Differential effects of prolonged post-fixation on immunohistochemical and histochemical staining for postmortem human brains

Taken together, these findings suggest that prolonged post-fixation has both positive and negative effects, while age and PMI exert limited influence on these IHC and HC parameters. Therefore, it is essential to consider these differential changes when interpreting results derived from tissues with extended post-fixation durations. Furthermore, if feasible, we recommend conducting IHC and HC staining on human brains with the same post-fixation time spans and using the most optimal antibodies to mitigate the impact on subsequent analyses.
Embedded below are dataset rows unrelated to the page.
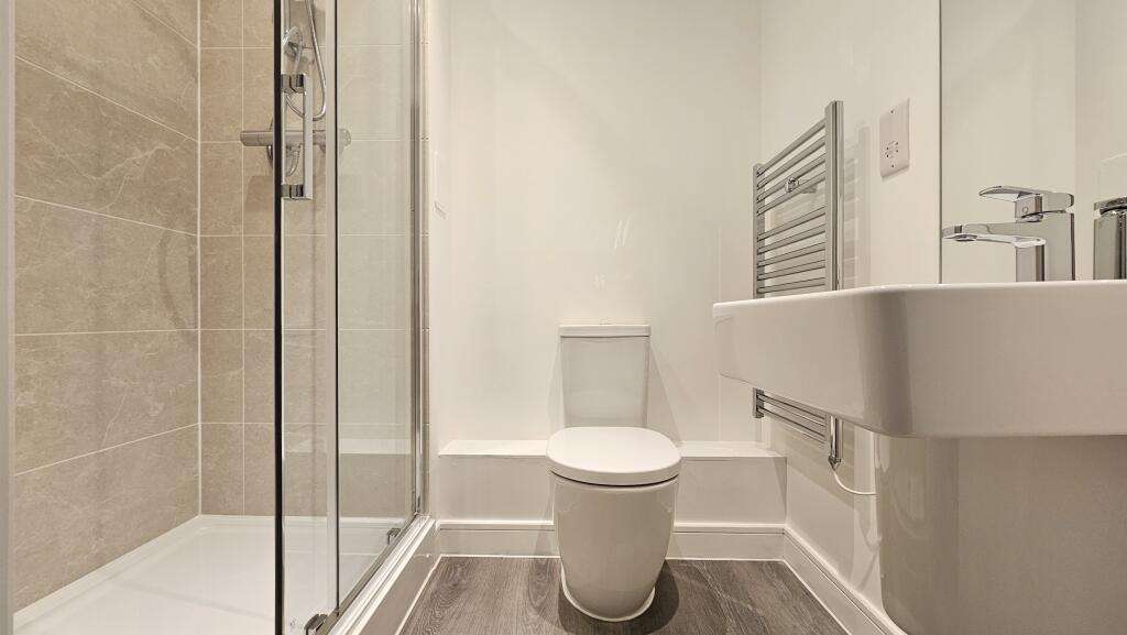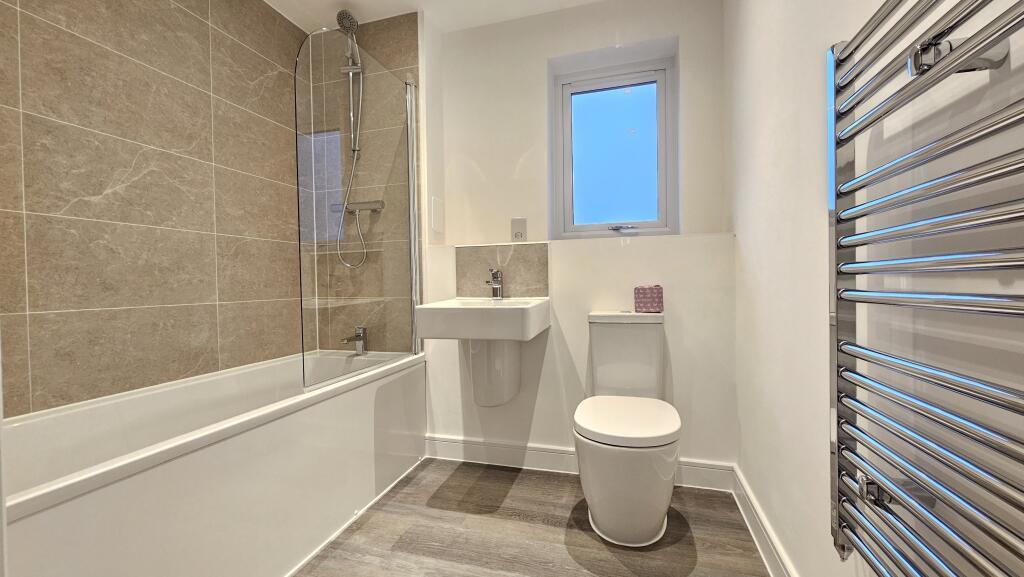 • A modern family bathroom is conveniently located off the hallway and finished with stylish fixtures, providing both practicality and comfort for residents and guests.
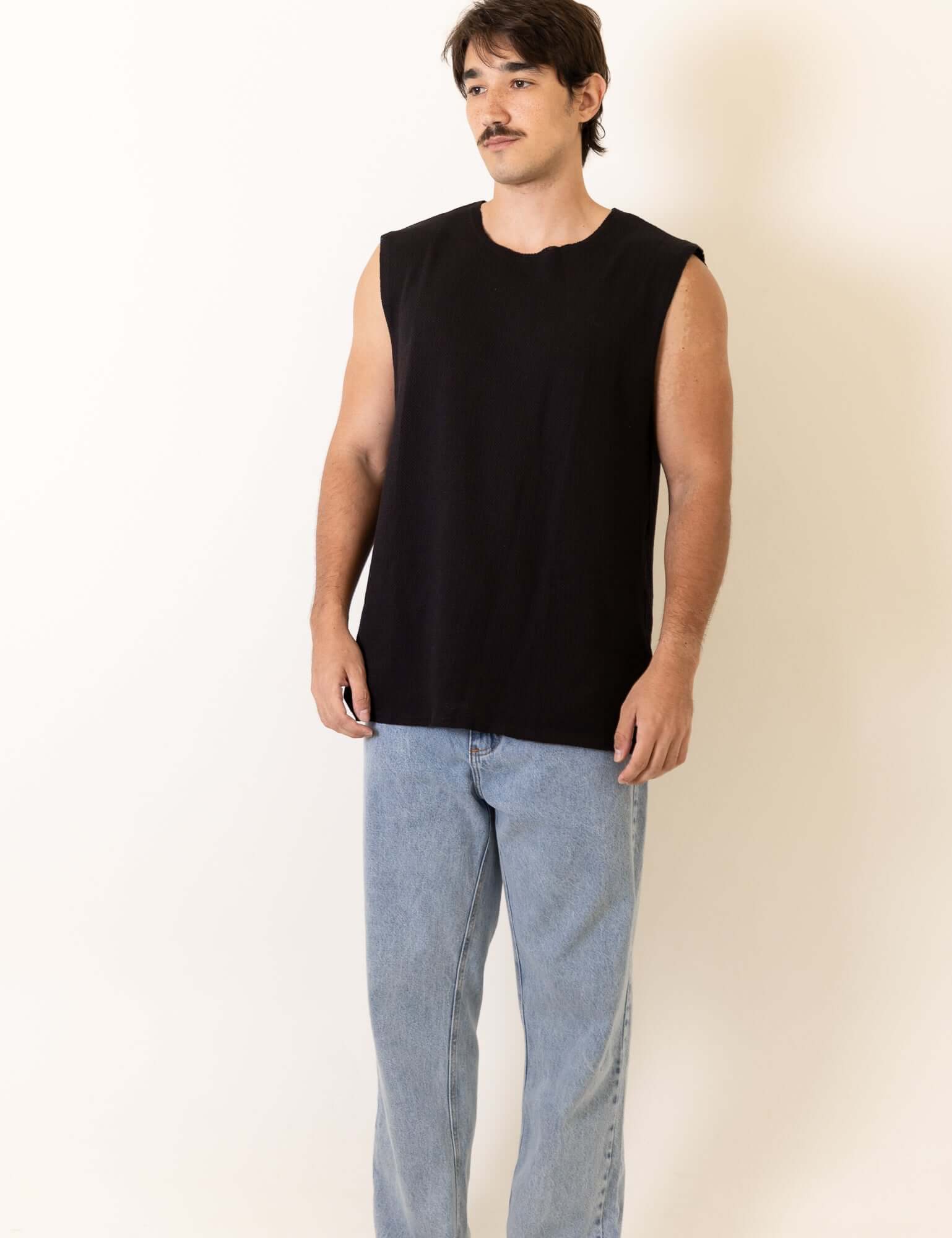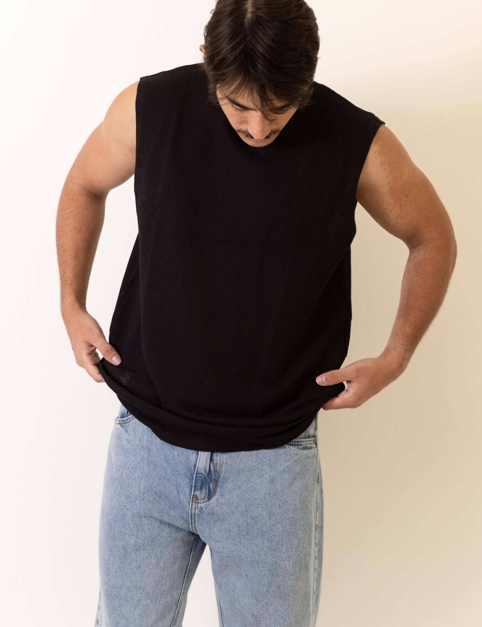A Regata Maré tem modelagem ampla, acabamento a fio com rebater nas cavas e decote, e tecido com toque encorpado e confortável. Detalhe da etiqueta lateral clip traz identidade com sutileza.
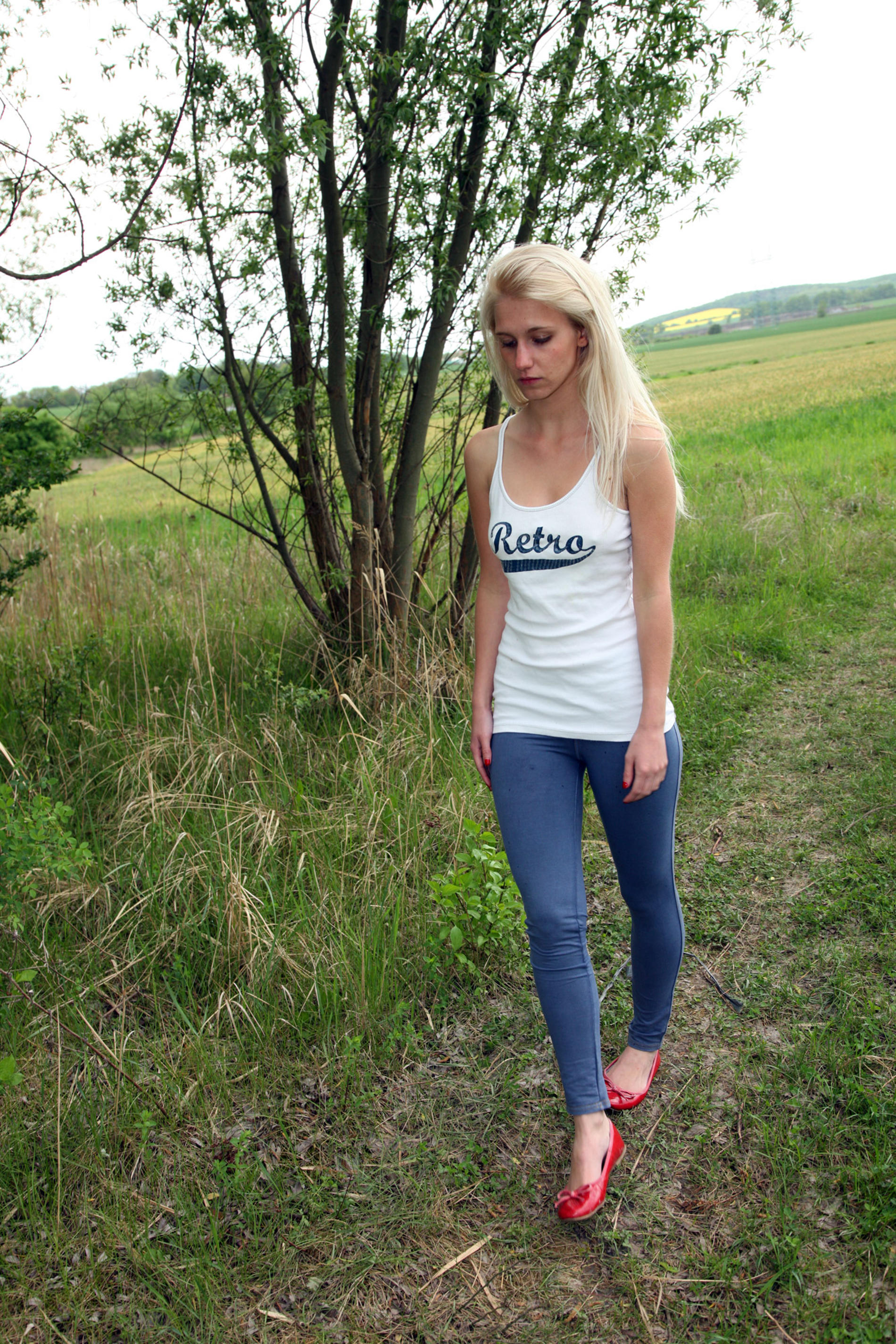 Нежная блондиночка разделась и показала свои прелести на свежем воздухе

In this study, we conducted both IHC and HC staining on the prefrontal cortex of postmortem human brains post-fixed for 1, 5, 10, 15, and 20 years. For IHC staining, we used two antibodies for each marker: the neuron marker neuronal nuclear antigen (NeuN), the astrocyte marker glial fibrillary acidic protein (GFAP), and the microglia marker ionized calcium-binding adaptor molecule 1 (Iba1). For HC staining, we conducted hematoxylin and eosin Y (H&E), cresyl violet (CV), and Luxol fast blue (LFB) stains to examine neuropils, neurons, and myelin, respectively.

Immunohistochemical (IHC) and histochemical (HC) staining techniques are widely used on human brains that are post-fixed in formalin and stored in brain banks worldwide for varying durations, from months to decades. Understanding the effects of prolonged post-fixation, postmortem interval (PMI), and age on these staining procedures is important for accurately interpreting their outcomes, thereby improving the diagnosis and research of brain disorders afflicting millions of people worldwide.

We observed that the intensity of NeuN, Iba1, CV, or LFB staining was negatively correlated with post-fixation durations. Conversely, we detected a positive correlation between the intensity of GFAP and H&E staining and post-fixation durations. Moreover, there was no correlation between the intensity of NeuN, GFAP, Iba1, H&E, CV, and LFB staining and PMI. Additionally, no correlation was found between these staining intensities and age, except for the intensity of GFAP immunostained by one antiserum, which was negatively correlated with age.